We have to calculate the number of all combinations with counted permutations (partial permutations?) whose note values sum up to the measure length.
Perhaps, one can formulate a recurrence solution (measure length = note value + smaller measure length), but it seems to be complicated (due to not known recursion depth). In addition, the pauses sum up, e. g. two consecutive quarter pauses shall be indistinguishable from a half pause (not counting twice the same hearing experience).
Easily, we could use the computer, but I strive for a more elegant way.
What can we do?
Let’s do this without allowing triplets, and let’s assume that note and pause lengths can be any multiple of sixteenth notes by using ties and dots. A key observation will be that the recursion is different for measures beginning with a pause vs. a note. A pause can only be followed by a note, but notes can follow notes.
Call the number of possibilities $f(n)$, and furthermore let $f(n)=f_0(n)+f_1(n)$, where $f_0(n)$ is the number of possibilities that begin with a pause and $f_1(n)$ is the number where the measure length is $n$ sixteenth notes in length. Then the following recursion should apply.
$$f_i(n)=0 \mbox { for n<0}\\ f_i(0)=0\\ f_0(n)=\sum_{d=1}^{16}f_1(n-d)\\ f_1(n)=\sum_{d=1}^{16}f_0(n-d)+\sum_{d=1}^{16}f_1(n-d)$$.
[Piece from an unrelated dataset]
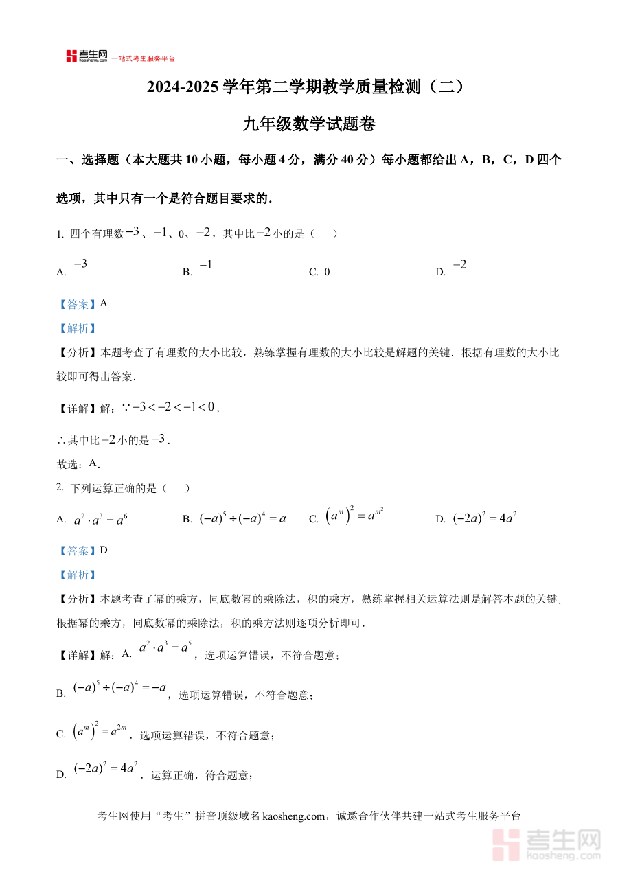 本资料主要适用于2025年参加中考的合肥市包河区初中毕业生以及从事初中数学教学工作的教师群体。对于考生而言,这份二模试卷是中考前关键的阶段检测载体,能够帮助他们模拟真实考试场景、调整应试状态、优化答题节奏,增强考试信心;对于教师来说,解析版内容可用于分析学生的答题数据、总结高频考点与易错点,制定更精准的复习计划,提升教学效率。通过这份资料的有效利用,考生和教师都能更好地把握中考数学的备考重点,为最终的中考取得优异成绩奠定坚实基础。

If I got this right and programmed it into Mathematica correctly, it looks like there are $5,702,887$ different ways to fill up a $4/4$ measure with notes and rests as you describe.
If the maximum note length is as long as the measure (which makes sense if tied notes are allowed and all possible lengths can occur), the upper limit of the sum can be changed to $\infty$ and it looks like for measures of lengths $0$, $1$, $2$, and so on sixteenths, that you get the sequence here.
If you allow triplets, you’re basically allowing all multiples of “$24$th” notes and pauses, so you’d change the $16$s to $24$s, I guess.